Assignment: Repeat the material exactly from its first line to the line that includes "Электрическая кофемолка-измельчитель Domotec". Skip pictures.

Data shown:
>>>
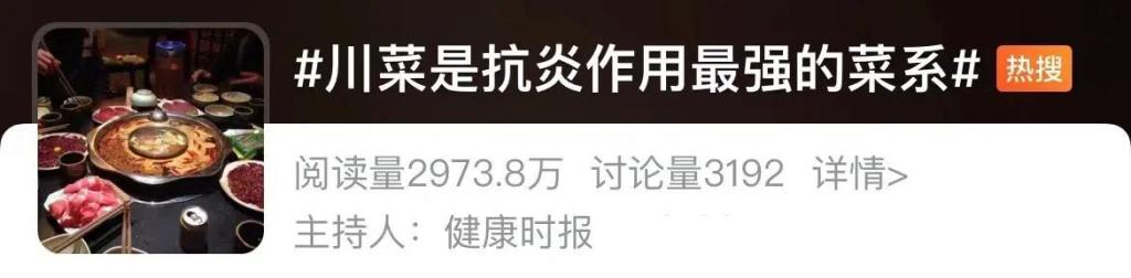 今年3月,研究人員對魯菜、川菜、粵菜、閩菜、蘇菜、浙菜、湘菜和徽菜八大菜系進行了分析。結果顯示,不同菜系在能量和營養成分上存在顯著差異。其中,川菜最油卻最“抗炎”引起網友關注。
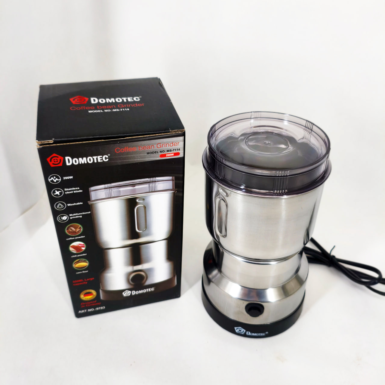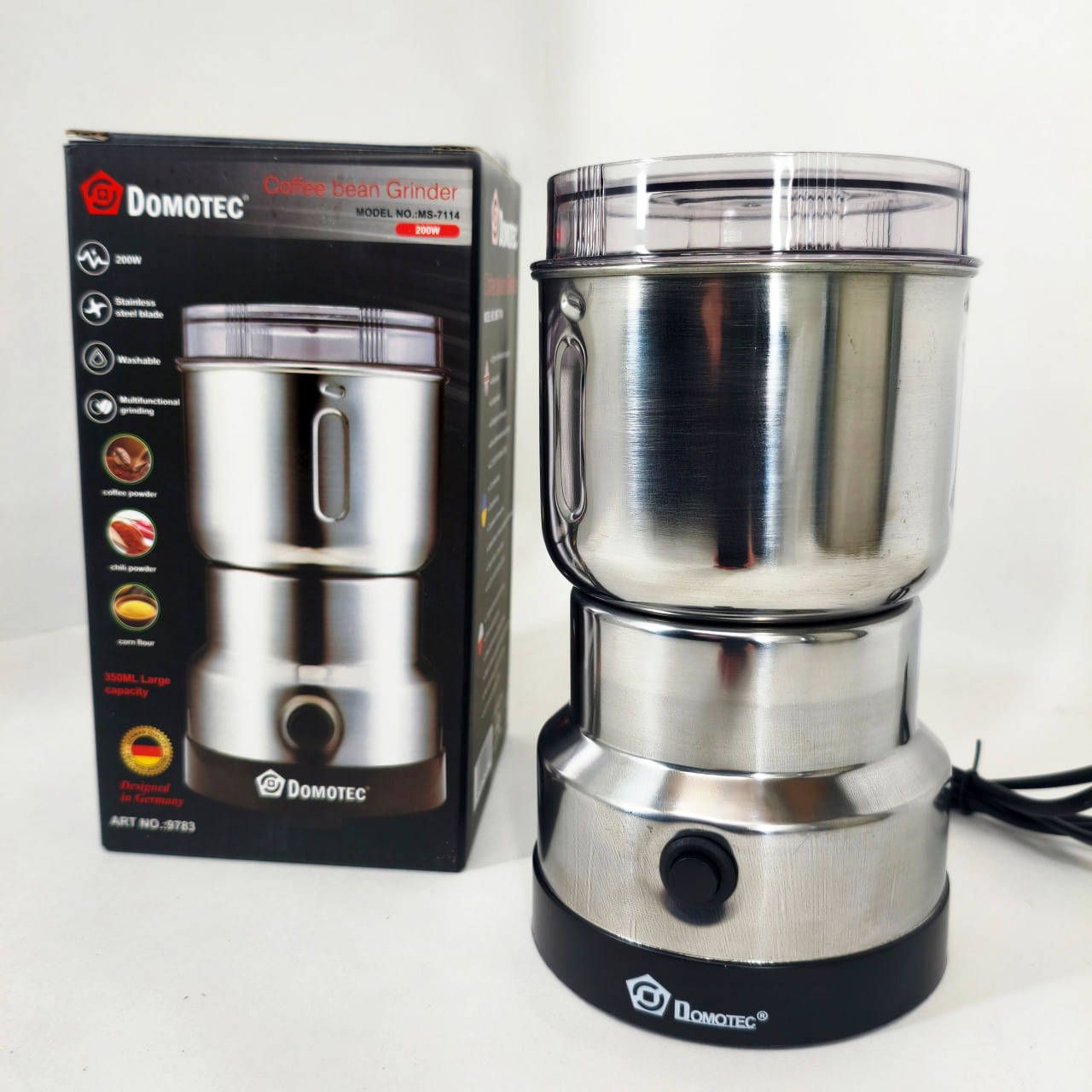 Электрическая кофемолка-измельчитель Domotec MS-7114 — это незаменимое устройство для ценителей свежемолотого кофе и домашней кухни. Изготовленная из высококачественной нержавеющей стали, эта кофемолка сочетает в себе надежность, стиль и высокую производительность.
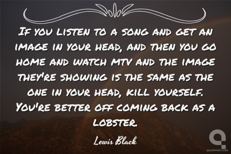 If you listen to a song and get an image in your head, and then you go home and watch mtv and the image they're showing is the same as the one in your head, kill yourself. You're better off coming back as a lobster.
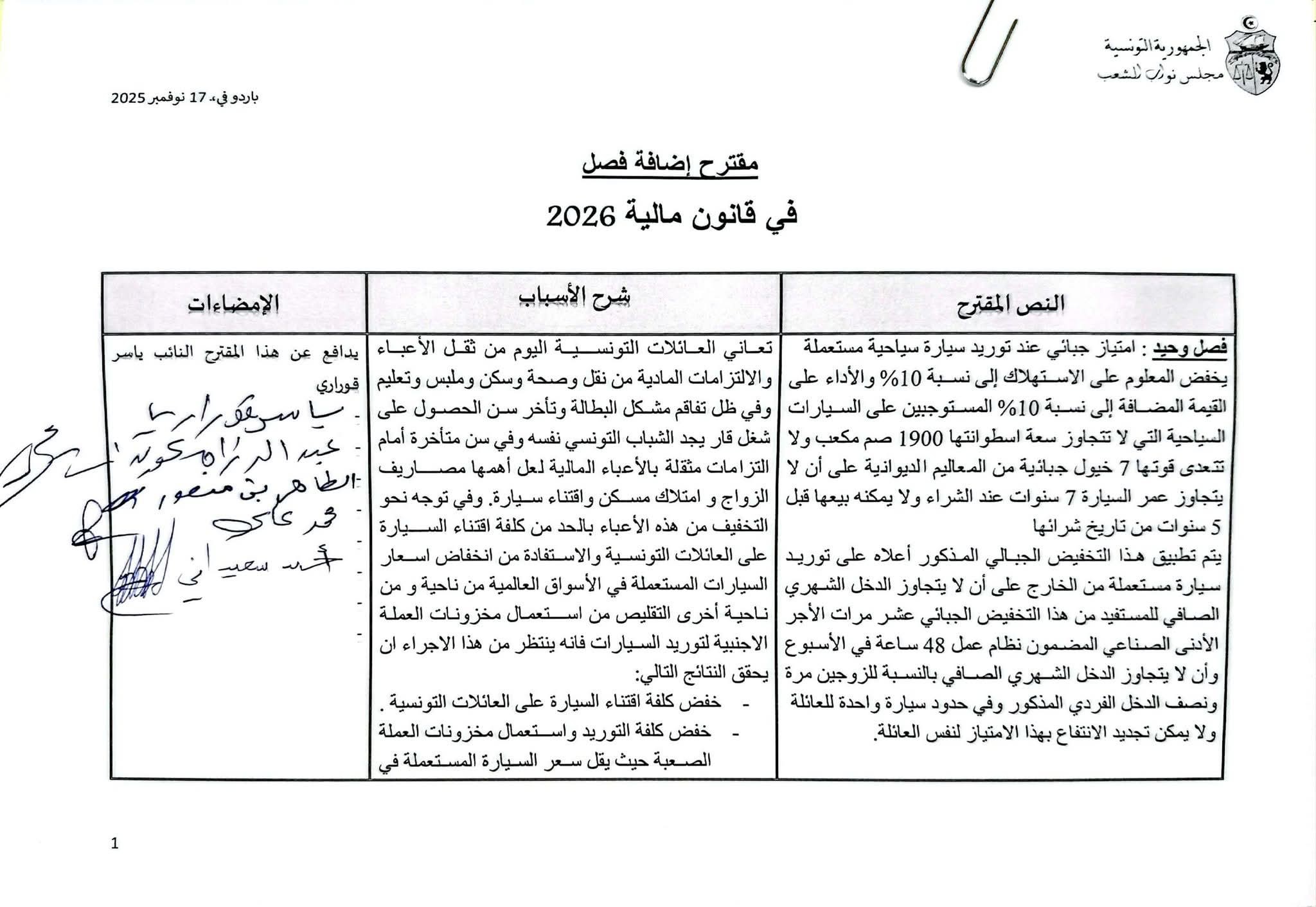 قام مجموعة من النواب بإيداع مقترح جديد بمكتب مجلس نواب الشعب قصد اضافة فصل في مشروع قانون المالية يسمح للمواطن التونسي المقيم بتونس بتوريد سيارة مستعملة من الخارج مع دفع معاليم منخفضة.. في انتظار المصادقة عليه..
<<<
Solution to this task:
 今年3月,研究人員對魯菜、川菜、粵菜、閩菜、蘇菜、浙菜、湘菜和徽菜八大菜系進行了分析。結果顯示,不同菜系在能量和營養成分上存在顯著差異。其中,川菜最油卻最“抗炎”引起網友關注。
 Электрическая кофемолка-измельчитель Domotec MS-7114 — это незаменимое устройство для ценителей свежемолотого кофе и домашней кухни. Изготовленная из высококачественной нержавеющей стали, эта кофемолка сочетает в себе надежность, стиль и высокую производительность.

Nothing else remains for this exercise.